A New York Times editorial by Thomas Friedman titled “Worried About India's and China's Booms? So Are They” finds that one of the most frequent debates in most countries focuses on education and the common premise that they are falling behind. From the U.S. and Great Britain to India and China, every country is struggling with its own set of challenges. Friedman points to a “global convergence in education” that will spur growth and innovation. The challenge, he states, is for countries to find the right balance between creativity and rigor. Subscribers of the New York Times Select service can read the entire article at http://select.nytimes.com/2006/03/24/opinion/24friedman.html?th&emc=th. For others, read a synopsis at http://www.nsta.org/nstaexpress/nstaexpress_2006_03_27_synopsis.htm.
The deadline for online advance registration for NSTA’s April 6-9 Conference on Science Education—featuring the Exhibition of Science Teaching Materials—is this Friday, March 31, at noon. And don’t forget that if you can’t make the full 4-1/2-day event, we offer one-day only and last-day only registration, special prices for spouses, retired NSTA members, and for full-time students.
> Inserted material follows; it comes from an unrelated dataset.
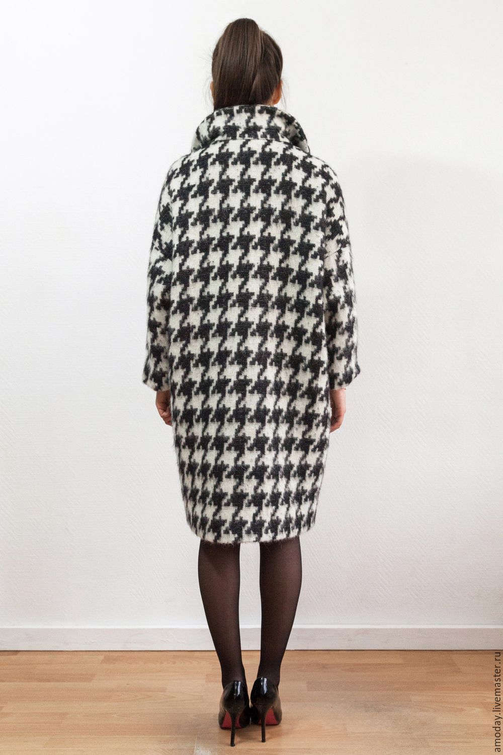- Пальто любого кроя, отшитое из плотной ткани с нанесенным узором, будет элегантным и стильным. Самые распространенные расцветки – это черно-белая цветовая гамма, серо-черная, красно-черная и сине-белая.

Don’t spend your time waiting to register on site when you could be attending a session, touring the exhibits, taking a field trip, or networking. Go to http://www.nsta.org/conferences, and get a head start on the best experience of the year for science education.
Learn the ABCs of working with contemporary tools that will help you integrate technology-based inquiry into your classroom practices. This collection of 26 articles from Science Scope, NSTA’s member journal for middle school teachers, offers fresh approaches that you and your students can use to explore physical science, Earth and space science, life science, and more. Online resource lists and a wealth of other references are included and as an important bonus, the book is connected to a related website with continually updated chapter reviews, outlines, sample test questions, and activities. Use the latest technology to increase science learning. To browse the book and order, go to http://store.nsta.org/showItem.asp?product=PB202X.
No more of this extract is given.